Over time, the sacred geography expanded. With the emergence of nearby shrines — Lord Jagannath (east), Lord Panduranga (west), Lord Radhakrishna (north) and Lord Venkateswara (south) — the area came to be known as “Temple Alwal,” representing Vaishnava deities of the four directions.
The lineage behind the temple reads like a chapter from Deccan history. Maharaja Chandulal Bahadur, a noted philanthropist and great devotee, belonged to the family of Raja Todarmal, Akbar’s famed revenue minister. The legacy passed through Maharaja Sir Kishen Pershad Bahadur, another Prime Minister of the Nizam, to Raja Ratan Gopal, and today to Raja Sanjay Gopal Saincher.
“It is a great responsibility,” he says. “Our ancestors didn’t build just one temple — 108 temples across Telangana, Maharashtra, Karnataka and Uttar Pradesh trace their origins to them… During these celebrations our family’s traditional Sword Dance is very popular and it is passed on to me. I perform every year.”
In a remarkable symbol of harmony, the founders ensured a mosque stood near every temple they reconstructed. “It reflected their relationship with the Nizam and their belief in coexistence,” Saincher notes.
The temple has drawn illustrious visitors over the decades — from Dr Rajendra Prasad, India’s first President, to scholars like Madabhushi Ananta Sayanam Iyengar, and legendary singer Ghantasala, who performed here in the 1960s.
In recent years, MPs, MLAs, ministers and dignitaries have visited, especially during milestone celebrations such as Telangana’s formation and the 158th birth anniversary of Maharaja Sir Kishen Pershad Bahadur, when Brahmotsavams were held on a grand scale.
For devotees, however, the pull is quieter. “This temple brings peace,” says R. Sravya, sitting cross-legged in the courtyard. “It’s never chaotic. We keep our queues, sit, pray, and leave calmly.”

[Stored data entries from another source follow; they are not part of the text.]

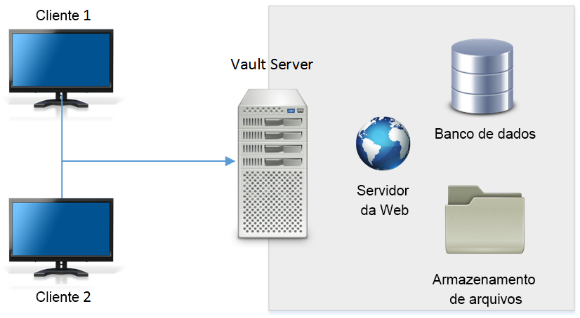 O servidor do Vault armazena e gerencia os arquivos e metadados que compõem o Vault. Esses dados são gerenciados pelo Microsoft SQL Server, um banco de dados relacional da Microsoft. O software do servidor pode ser instalado em um servidor ou em uma estação de trabalho compartilhada por todos os usuários. Para um único usuário, o servidor pode ser instalado com o cliente em uma única e isolada estação de trabalho.
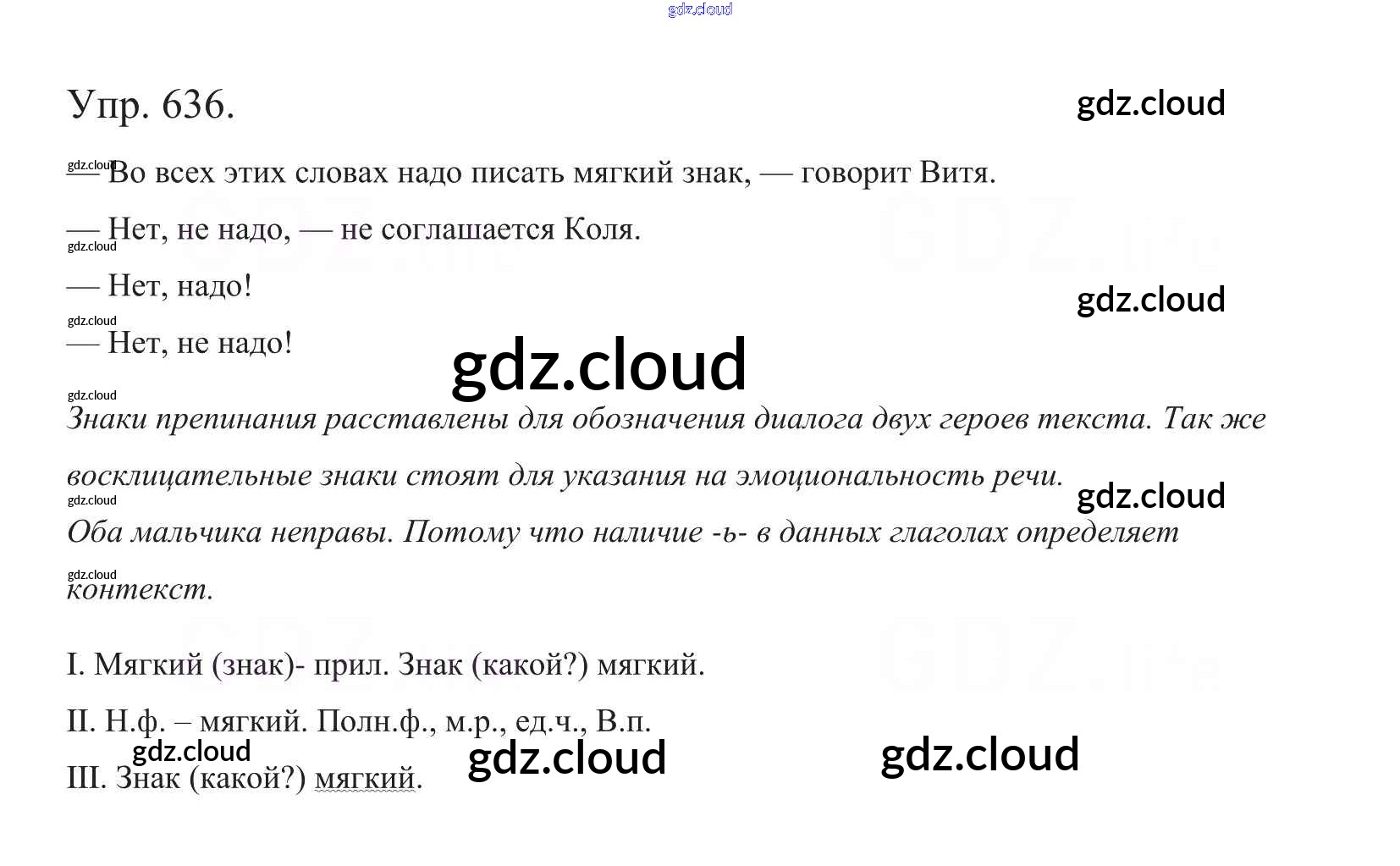 Ответ на задание 636 Учебник Русский язык за 5 (пятый) класс Баранов, Ладыженская, Тростенцова, Кулибаба, Григорян 2016, 2019 Часть 1, 2
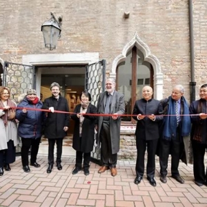 当地时间2018年2月21日14时30分,《丝路明珠:敦煌石窟在威尼斯》展览在意大利威尼斯大学展览空间开幕。策展团队及嘉宾为展览剪彩展览由敦煌研究院,威尼斯大学和敦煌文化弘扬基金会联合主办。意大利文化遗产、文化活动及旅游部,威尼斯市政府为此次展览提供特别支持。展览时间为2018年2月21日至4月8日。展览举办期间,为配合展览还将陆续举办“中国年”与《丝路味道:中意手工面食文化交流》、敦煌艺术活化之

Hemalatha P (63) remembers a different Alwal. “I grew up in Bolaram, three to four kilometres away. It was a forest then—we walked through huge trees to reach the temple. It’s been renovated now and looks more beautiful, but the feeling is the same.”
For Kalyan, the Pushkarini holds memories. “We used to release fish and tortoises here. It’s rarely opened now, but I sit nearby and meditate,” he says softly.